What you are asked to do >> The answer must be only the lines below from the one holding "루이비통 플라운스 슬리브 벨티드 드레스" down to the one holding "<コメント> 太田宇宙の会会員 金井清高さん", ends included, printed exactly; please omit all pictures.

Information given >>
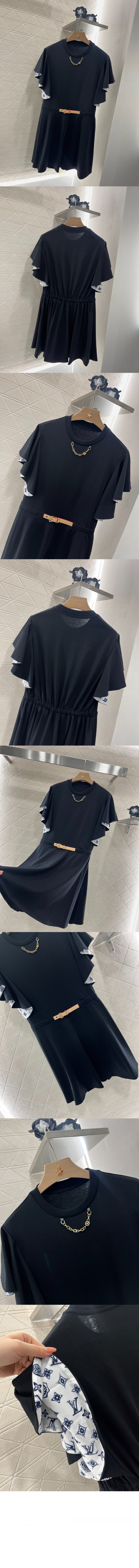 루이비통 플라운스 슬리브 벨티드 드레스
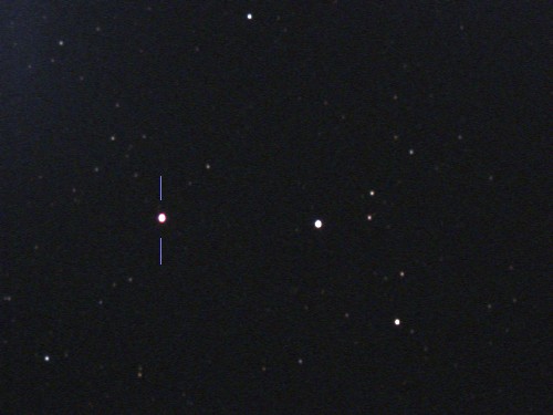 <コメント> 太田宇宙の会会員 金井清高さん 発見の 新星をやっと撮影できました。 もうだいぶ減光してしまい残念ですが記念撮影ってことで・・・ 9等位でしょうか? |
--
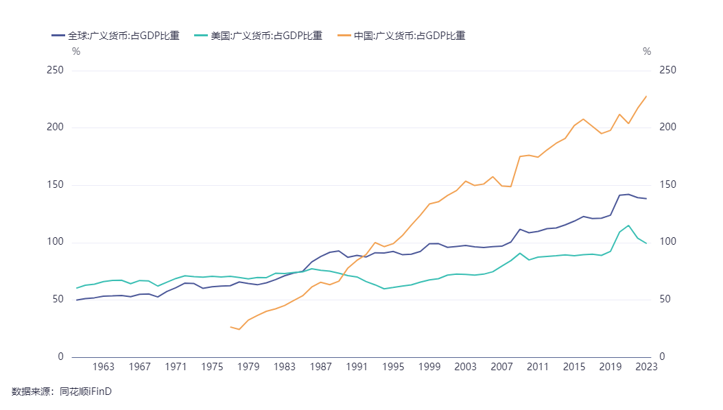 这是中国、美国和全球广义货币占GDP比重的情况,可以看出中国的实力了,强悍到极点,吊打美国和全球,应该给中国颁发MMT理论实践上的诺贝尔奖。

Output of the exercise >>
 루이비통 플라운스 슬리브 벨티드 드레스
 <コメント> 太田宇宙の会会員 金井清高さん 発見の 新星をやっと撮影できました。 もうだいぶ減光してしまい残念ですが記念撮影ってことで・・・ 9等位でしょうか? |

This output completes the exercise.